Jesus says in John 16, the day is coming when you will ask me nothing, but you'll ask the Father in my name, and he'll give it to you. So, Jesus did not indicate that prayer to him was ever to become normative. And Paul, as, you know, keeping with the whole New Testament teaching, prays to who? I bow my knees to the Father of our Lord Jesus Christ.
I ask these things of the Father. And therefore, really, normal Christian praying is to the Father. Praying to Jesus is simply not a biblical pattern, or commanded, or taught in the Scripture.
Now, of course, when the disciples were with Jesus on earth, they spoke to him. And also Stephen and John, when they saw visions of Christ. And I'm not going to suggest that if you speak to Jesus, he can't hear you.
It's just that there's no precedent or teaching in Scripture to support the idea of praying to Jesus. Jesus did not come to replace the Father for you. He came to bring you to the Father.
He came to reconcile you to the Father. God was, in Christ, reconciling the world to himself, that is, to the Father himself. The problem before Jesus came was that man was alienated from God.
And Jesus came to redress that situation and to restore that relationship, so that we now can have a relationship with the Father, which was the original intention. And so many people are still as uncomfortable with God the Father as they would have been if Jesus had never come. But they're comfortable with Jesus.
They somehow think Jesus is more amenable to them, more favorable to them than the Father, more friendly or something. And this is just a lie of the devil. Jesus is no more on our side than the Father is.
It's God who so loved the world that he sent his only begotten Son. It's the Father who loved us and sent his only begotten Son as a propitiation for our sins. And therefore, it seems like Christians need to get adjusted back to the biblical ideas of relationship with God.
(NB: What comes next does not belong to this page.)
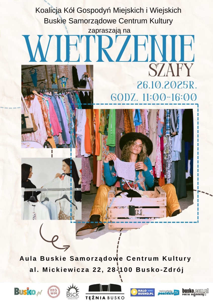 Koalicja Kół Gospodyń Miejskich i Wiejskich oraz Buskie Samorządowe Centrum Kultury zapraszają na wydarzenie pod nazwą 'Wietrzenie Szafy', które odbędzie się w niedzielę, 26 października 2025 roku, w godzinach 11:00-16:00 w auli Buskiego Samorządowego Centrum Kultury przy al. Mickiewicza 22 w Busku-Zdroju.

It's with the Father, through Jesus. And for this reason, Paul prays to the Father of our Lord Jesus Christ. Verse 15 says, "...from whom the whole family in heaven and earth is named." Now the word family there in the Greek is actually fatherhood.
"...from whom all fatherhood in heaven and earth is named." And it's not entirely clear how that is to be used, so translators sometimes just render it family. But fatherhood and family are not exactly the same word, or even the same concept. If he's just saying the whole family, then he's introducing again another metaphor for the church.
The church is a family. It's a body. It's a new man.
It's a temple. It's a community. It's this, that, and it's also a family.
There's a bride later on in chapter 5, a wife. But it's entirely possible that family could be what Paul means when he says, "...from the Father the whole family in heaven and earth is named." A family derives its name from the Father in the family, not from the mother. My wife's maiden name was different than my last name.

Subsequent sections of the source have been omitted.